Генерал Романовский откинулся на стуле и сложил руки на животе. Помолчал, словно собираясь с мыслями. Соколов ждал.

— Лавр Георгиевич желает установить сильную власть и водворить порядок… — начал он.

— Военная диктатура? — задал вопрос Алексей.

— Называйте как хотите, но беспомощное Временное правительство должно уйти и освободить место для сильной личности…

"Это твой дурак Корнилов — сильная личность?" — хотел спросить Соколов, но с юности привитая субординация удержала его от такого вопроса о верховном главнокомандующем.

— …которой может быть только верховный главнокомандующий, располагающий силой армии, — докончил мысль Романовский. — Более того, я могу вам открыть, что даже некоторые министры идут с нами рука об руку, продолжал он.

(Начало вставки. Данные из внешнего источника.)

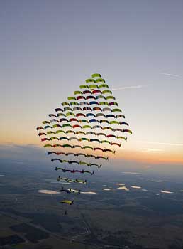 據(jù)報道,為實現(xiàn)這一絕技表演,100名跳傘隊員進(jìn)行了7年的計劃和訓(xùn)練。他們從5架不同飛行高度的飛機上跳下,在美國佛羅里達(dá)幾千英尺外的高空上拼成巨大的菱形,表演壯觀驚人,引人注目。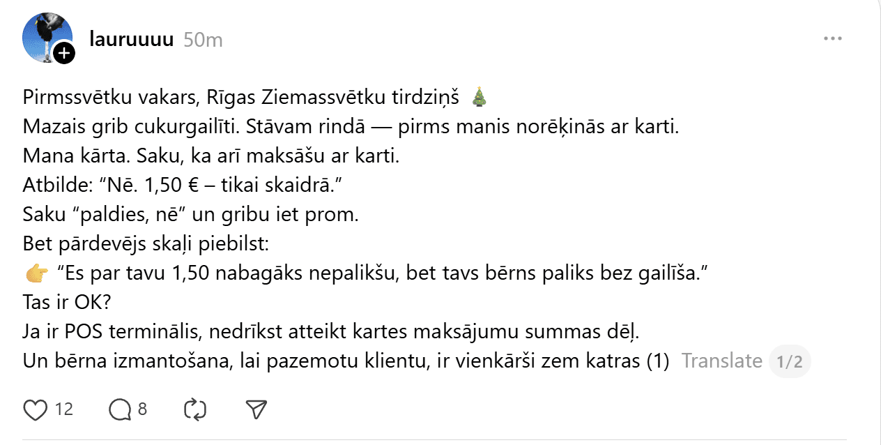 “Mazais grib cukurgailīti. Stāvam rindā – pirms manis norēķinās ar karti. Mana kārta. Saku, ka arī maksāšu ar karti. Atbilde: “Nē. 1,50 € – tikai skaidrā.” Saku “paldies, nē” un gribu iet prom,” viņa raksta.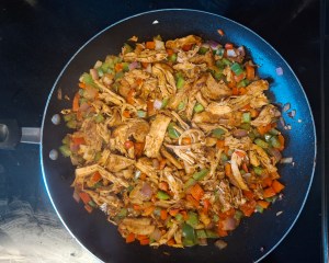 - Cook chicken and veggies: Spray a skillet with cooking spray and cook chicken over medium heat. Add peppers and onions and shred chicken as it cooks. If needed, add 2–3 tbsp water or broth to add in more moisture.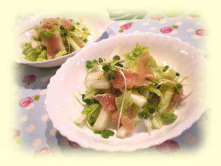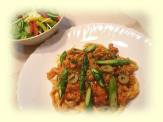 トマトクリームのパスタは、 北海道産の小麦粉でパスタを手作りし、 クリーミーなミートソース風のソースを作り 旬のアスパラなどをトッピングします。 サラダは、シンプルなドレッシングですが、 春らしくカラフルに作ります! ハイビスカスのグラニテは 色合いがとってもキレイなシャーベットです。 |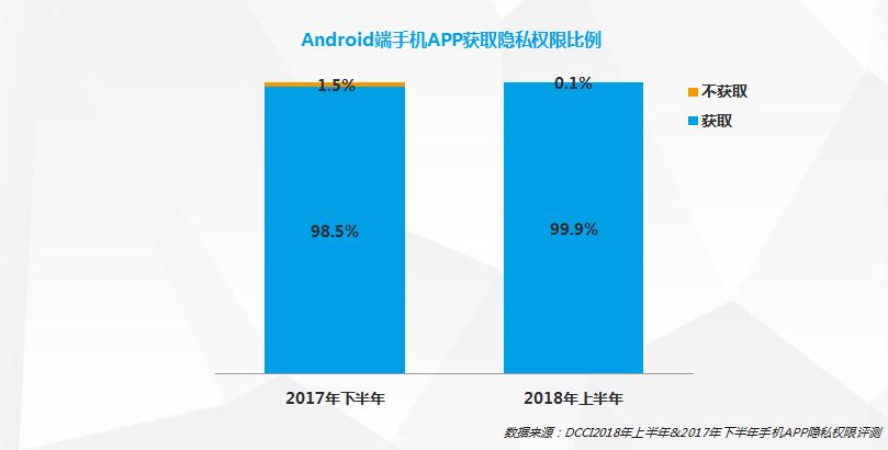 评测发现,2018 年上半年 Android 端获取隐私权限的手机 App 占比相较于 2017 年下半年提高了 1.4%,达到 99.9%,未获取隐私权限的手机 App 仅占 0.1%——几乎所有的 Android 端手机 App 都会获取隐私权限。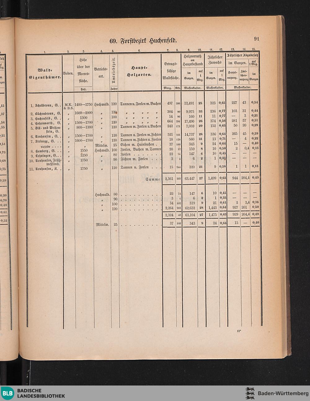 II. Uebersicht der Haupt-Ergebnisse der Forst-Einrichtung in den Gemeinden- und Körperschafts-...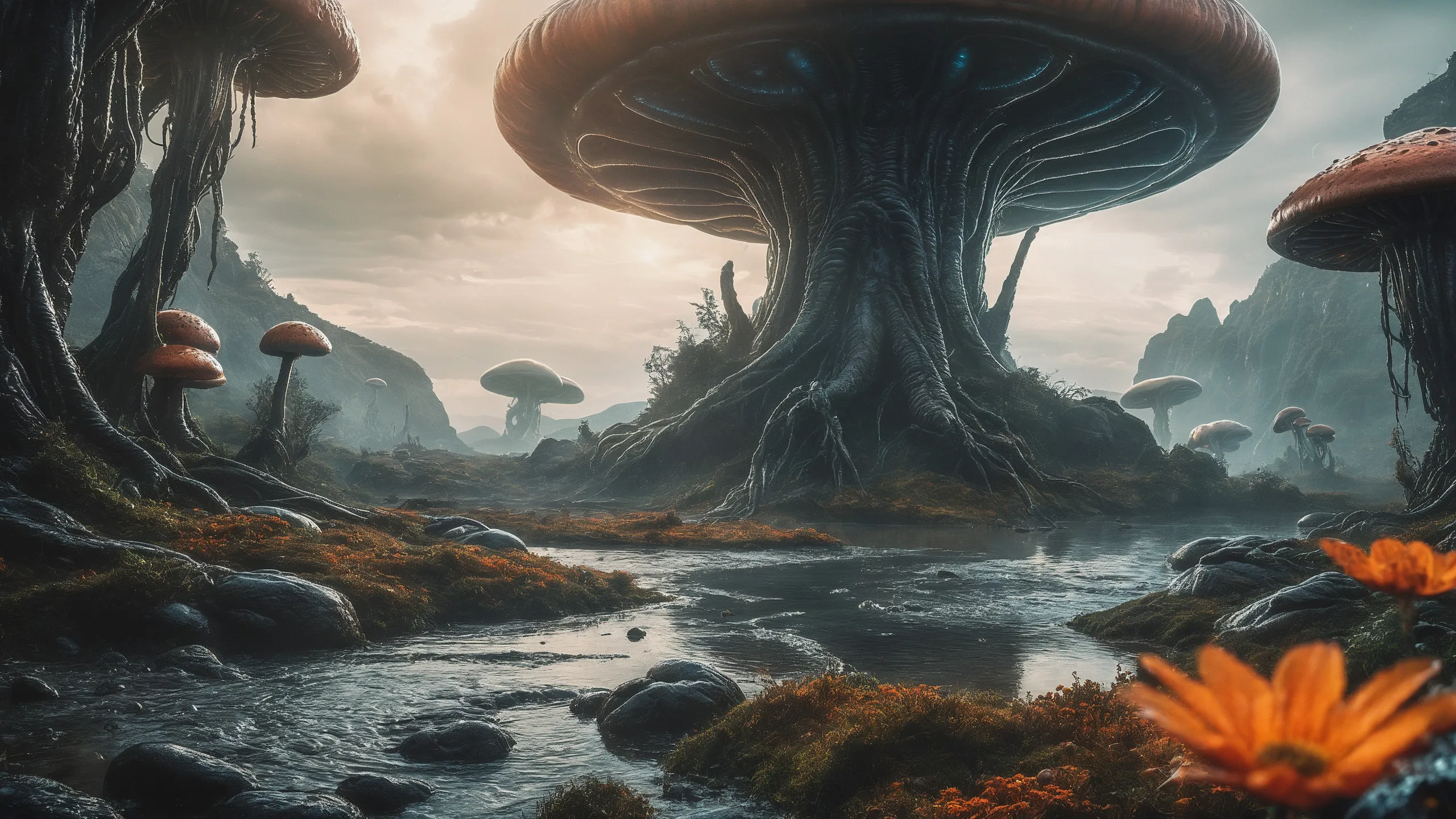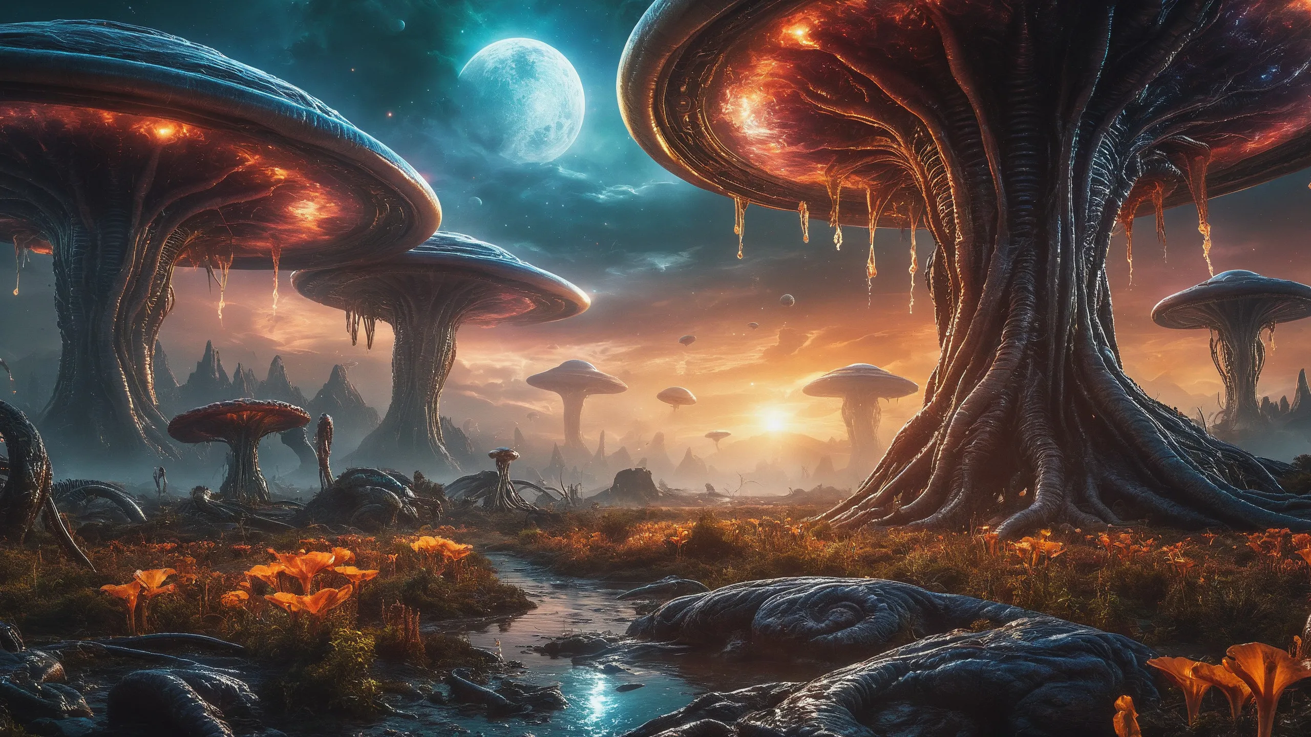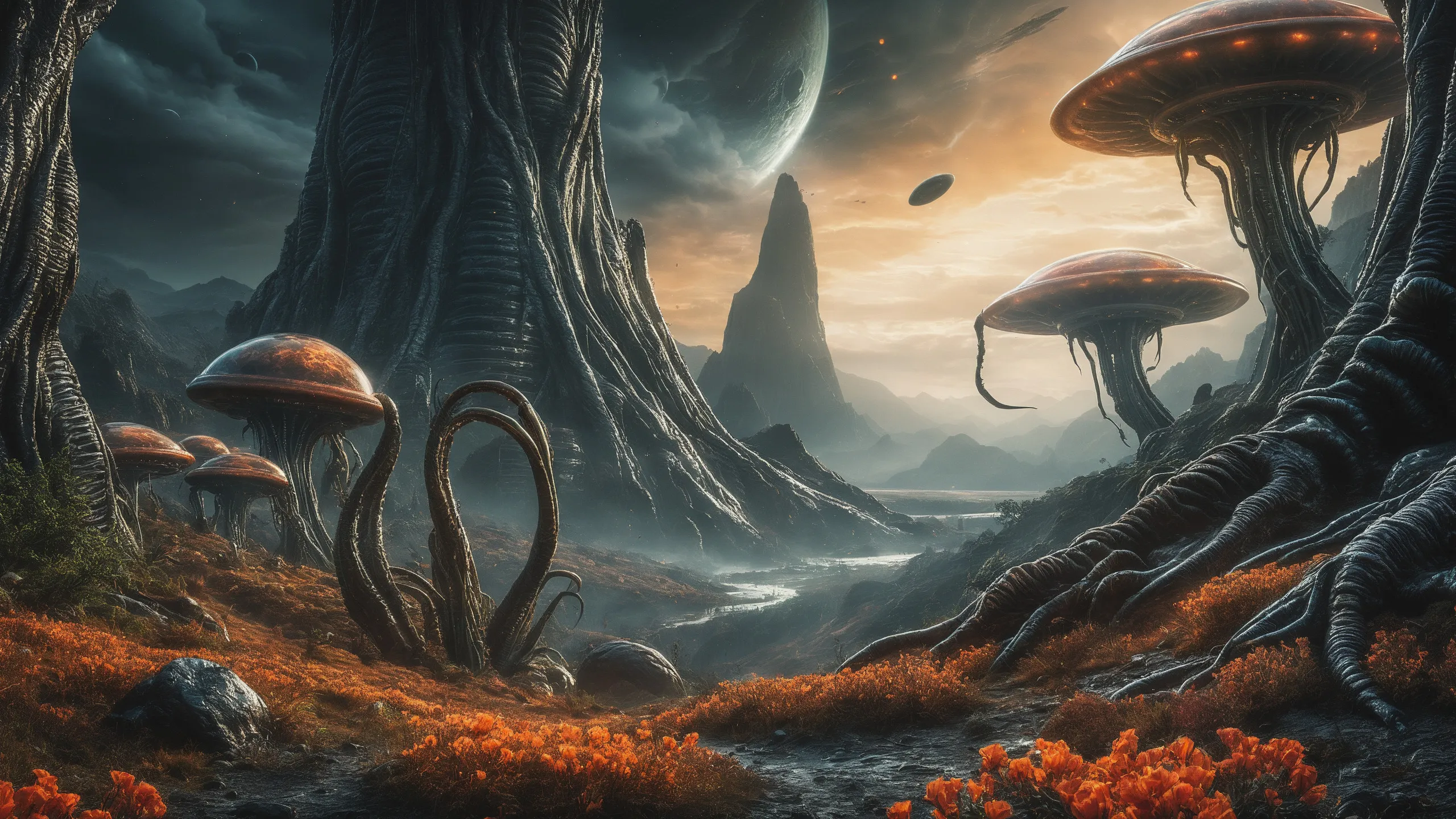 {0.1::lot of large trees with orange flowers, |0.9::}{0.1::huge trees, |0.9::}{0.1::large flowers, |0.9::}{0.1::large plants, |0.9::}{0.3::huge mushrooms, |0.7::}{0.3::huge carnivorous plants, |0.7::}{0.3::huge climbing plants, |0.7::}{0.3::huge glowing plants, |0.7::}{0.3::huge lichen, |0.7::}{0.3::huge moss, |0.7::}{0.1::large creepers, |0.9::}{0.1::large foam, |0.9::}{0.1::large glowing foam, |0.9::}

"Явно он имеет в виду Коновалова и Терещенко, ради которых и придумана вся эта затея…" — подумал Соколов.

— Сейчас мы отбираем лучшие войска и боевых офицеров, чтобы идти походом на Петроград, — открыл карты Романовский. — Я пригласил вас, чтобы обсудить, какие части может отправить Западный фронт для поддержки корпуса генерала Крымова?

"Ах вот, значит, кому поручено таскать каштаны из огня революции для Лавра Георгиевича!" — иронически подумал Соколов. Он подался вперед, посмотрел прямо в глаза Романовского.

— А почему вы думаете, что я примкну к заговору?

— Но ведь вы же против Керенского?! — удивился генерал.

— Против Керенского, — подтвердил Соколов, — но и против пролития крови своего народа… А попытка установить диктатуру будет означать гражданскую войну… Неужели вы этого не понимаете? Ведь за Корниловым окажется явное меньшинство, даже в армии. И это меньшинство назовут контрреволюцией.

— А вы думаете, порядок установят Советы "собачьих и рачьих депутатов"?! — повысил голос Романовский.

— Уж не господа ли Коноваловы и рябушинские?.. — сузил глаза Алексей. Ведь мы, офицерство, — частица народа… Особенно те из нас, кто не имеет никакой собственности и живет лишь на жалованье…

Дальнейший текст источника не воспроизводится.